Five years passed, and Bob's mother died--twelve years, and his father died also, leaving him the lion's share of the money. During this time Bob had worked away at Ballawag and earned enough to set up as lawyer on his own account. But because a man cannot play fast and loose with the self-will that God gave him and afterwards expect to do much in the world, he was a moderately unsuccessful man still when the inheritance dropped in. It gave him a fair income for life. When the letter containing the news reached him, he left the office, walked back to his house, and began to think. Then he unlocked his safe and took out Ethel Ormiston's letters. They made no great heap; for of late their correspondence had dwindled to an annual exchange of good wishes at Christmas. She was still earning her livelihood as a governess.
Bob thought for a week, and then wrote.
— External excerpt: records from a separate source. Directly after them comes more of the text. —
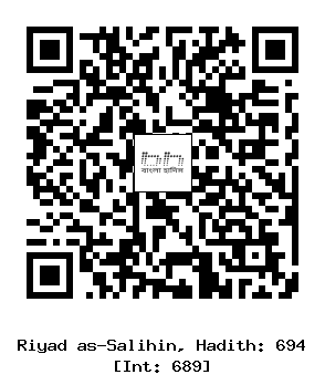 ১/৬৯৪। আবূ হুরাইরা রাদিয়াল্লাহু ’আনহু হতে বর্ণিত, রাসূলুল্লাহ সাল্লাল্লাহু আলাইহি ওয়াসাল্লাম বলেছেন, ’’মুনাফিকের চিহ্ন হল তিনটি (১) কথা বললে মিথ্যা বলে। (২) ওয়াদা করলে তা খেলাপ করে। এবং (৩) আমানত রাখা হলে তাতে খিয়ানত করে।’’ (বুখারী ও মুসলিম) [1]
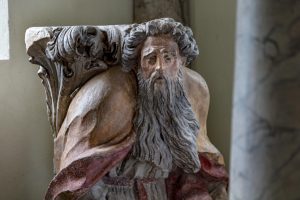 second book of Moses, God himself handed these to Moses when he made a covenant with the people of Israel on Mt Sinai. Thus the tablets of the Ten Commandments have become a sign of this covenant: God chooses Israel to be His people. In the Christian churches, Moses plays the role of a forerunner: the ‘Old Covenant’ points to the ‘New Covenant’, which God has made through Jesus Christ. Moses is often shown with two little horns on his head. This can traced to an error in translation: it is said that his face shone when he had encountered God and came down from the mountain. In the Latin translation the word used for ‘shining’ was ‘cornuta’ which also means ‘horned’ and the little horns came from this.(picture: Moses by Elias Räntz, former pulpit base in Holy Trinity Church, Bad Berneck)
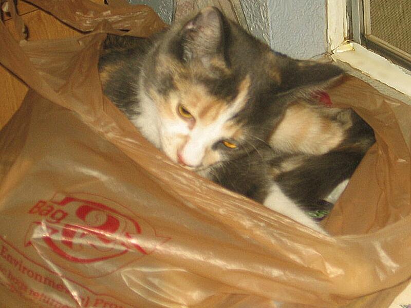 Была уверена, что у меня есть фото нашей трехцветной Сони, которая любила залезать в пакеты, ан нет, оказалось, единственный раз Зайка попробовала, каково это, тут я ее и сфотографировала:
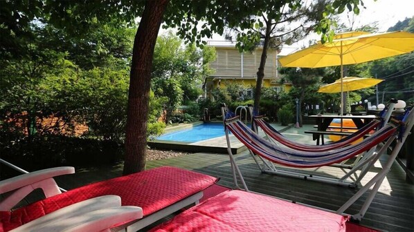 Der saisonal geöffnete Pool ist von Juli bis August geöffnet
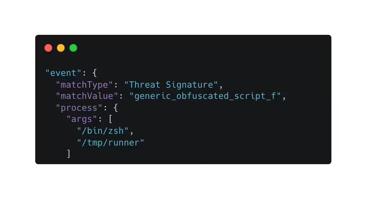 然而,此次样本的异常之处在于,其触发告警的原因并非上述流程,而是一条用于监控混淆 Bash 脚本执行的威胁防护规则。相关事件显示,一个位于 /tmp/ runner 的 shell 脚本正在运行,这一行为引起了研究人员的警觉。

He asked Ethel Ormiston to come out and be his wife. You will observe that the old curse still lay on him. A man--even a poor one--that was worth kicking would have gone and fetched her; and Bob had plenty of money. But he asked her to come out and begged her to cable "Yes" or "No."
She cabled "Yes." She would start within the month from Plymouth, in the sailing-ship
Grimaldi. She chose a sailing-ship because it was cheaper.
So Bob travelled down to Sydney to welcome his bride. He stepped on the
Grimaldi's deck within five minutes of her arrival, and asked if a Miss Ormiston were on board. There advanced a middle-aged woman, gaunt, wrinkled and unlovely--not the woman he had chosen, but the woman he had made.
"Ethel?" was all he found to say.
"Yes, Bob; I am Ethel. And God forgive you."
Of the change in him she said nothing; but held out her hand with a smile.
"Marry me, Bob, or send me back: I give you leave to do either, and advise you to send me back. Twelve years ago you might have been proud of me, and so I might have helped you. As it is, I have travelled far, and am tired. I can never help you now."
And though he married her, she never did.